• DESCRIPTION OF THE TASK:
Exact wording is required: give all the records again, minus the pictures.

• THE INPUT:
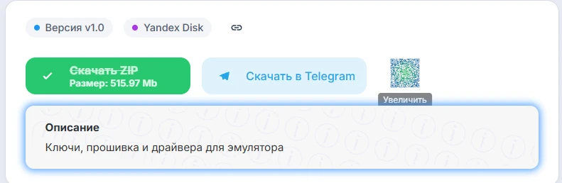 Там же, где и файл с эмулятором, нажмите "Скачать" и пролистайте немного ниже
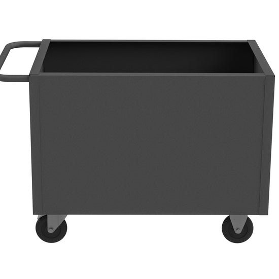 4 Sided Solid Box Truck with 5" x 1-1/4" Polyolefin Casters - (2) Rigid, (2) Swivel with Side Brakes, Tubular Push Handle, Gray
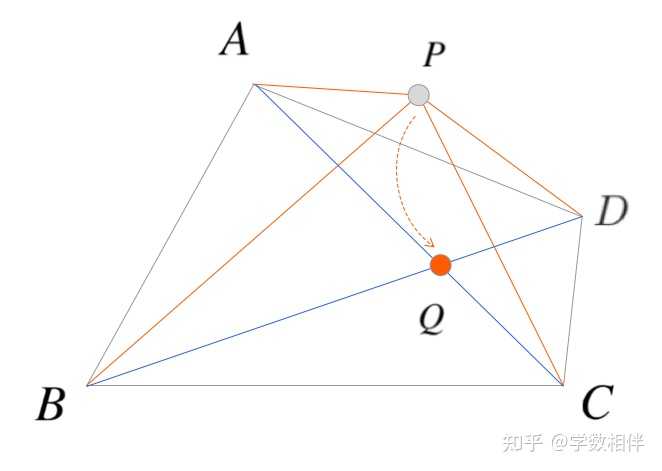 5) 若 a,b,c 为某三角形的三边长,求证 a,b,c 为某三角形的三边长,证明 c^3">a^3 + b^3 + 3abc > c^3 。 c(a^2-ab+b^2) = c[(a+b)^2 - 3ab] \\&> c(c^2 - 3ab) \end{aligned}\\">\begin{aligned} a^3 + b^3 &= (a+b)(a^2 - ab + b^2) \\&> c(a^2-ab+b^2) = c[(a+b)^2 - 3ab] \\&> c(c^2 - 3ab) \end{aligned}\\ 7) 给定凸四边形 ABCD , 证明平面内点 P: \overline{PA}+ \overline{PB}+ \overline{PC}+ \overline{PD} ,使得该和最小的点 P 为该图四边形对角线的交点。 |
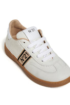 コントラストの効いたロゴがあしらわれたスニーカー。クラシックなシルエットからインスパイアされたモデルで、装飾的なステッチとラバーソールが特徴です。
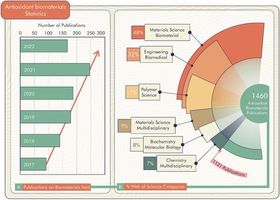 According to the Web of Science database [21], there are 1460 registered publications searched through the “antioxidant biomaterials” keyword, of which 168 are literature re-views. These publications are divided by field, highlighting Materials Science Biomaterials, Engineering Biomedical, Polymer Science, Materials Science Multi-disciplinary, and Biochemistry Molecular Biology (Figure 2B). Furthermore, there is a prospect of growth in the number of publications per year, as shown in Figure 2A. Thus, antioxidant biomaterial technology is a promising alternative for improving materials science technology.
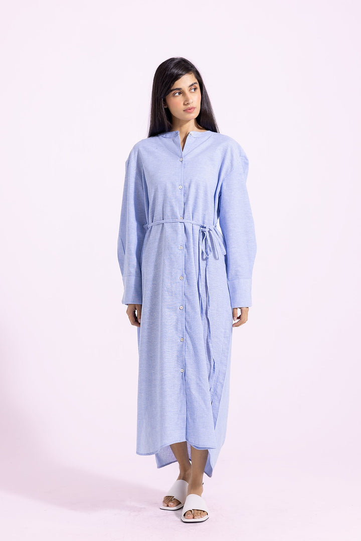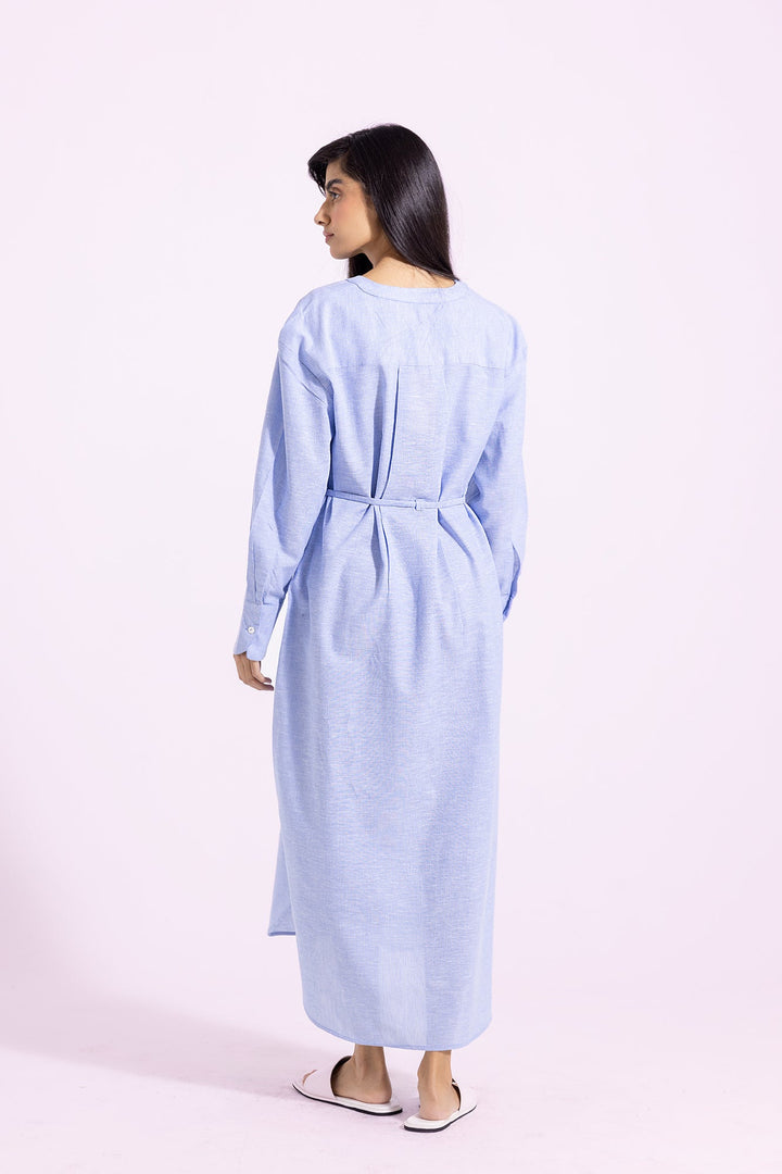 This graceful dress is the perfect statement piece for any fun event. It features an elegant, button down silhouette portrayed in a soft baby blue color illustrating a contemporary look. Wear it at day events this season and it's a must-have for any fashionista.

• EXERCISE OUTPUT:
 Там же, где и файл с эмулятором, нажмите "Скачать" и пролистайте немного ниже
 4 Sided Solid Box Truck with 5" x 1-1/4" Polyolefin Casters - (2) Rigid, (2) Swivel with Side Brakes, Tubular Push Handle, Gray
 5) 若 a,b,c 为某三角形的三边长,求证 a,b,c 为某三角形的三边长,证明 c^3">a^3 + b^3 + 3abc > c^3 。 c(a^2-ab+b^2) = c[(a+b)^2 - 3ab] \\&> c(c^2 - 3ab) \end{aligned}\\">\begin{aligned} a^3 + b^3 &= (a+b)(a^2 - ab + b^2) \\&> c(a^2-ab+b^2) = c[(a+b)^2 - 3ab] \\&> c(c^2 - 3ab) \end{aligned}\\ 7) 给定凸四边形 ABCD , 证明平面内点 P: \overline{PA}+ \overline{PB}+ \overline{PC}+ \overline{PD} ,使得该和最小的点 P 为该图四边形对角线的交点。 |
 コントラストの効いたロゴがあしらわれたスニーカー。クラシックなシルエットからインスパイアされたモデルで、装飾的なステッチとラバーソールが特徴です。
 According to the Web of Science database [21], there are 1460 registered publications searched through the “antioxidant biomaterials” keyword, of which 168 are literature re-views. These publications are divided by field, highlighting Materials Science Biomaterials, Engineering Biomedical, Polymer Science, Materials Science Multi-disciplinary, and Biochemistry Molecular Biology (Figure 2B). Furthermore, there is a prospect of growth in the number of publications per year, as shown in Figure 2A. Thus, antioxidant biomaterial technology is a promising alternative for improving materials science technology.
 This graceful dress is the perfect statement piece for any fun event. It features an elegant, button down silhouette portrayed in a soft baby blue color illustrating a contemporary look. Wear it at day events this season and it's a must-have for any fashionista.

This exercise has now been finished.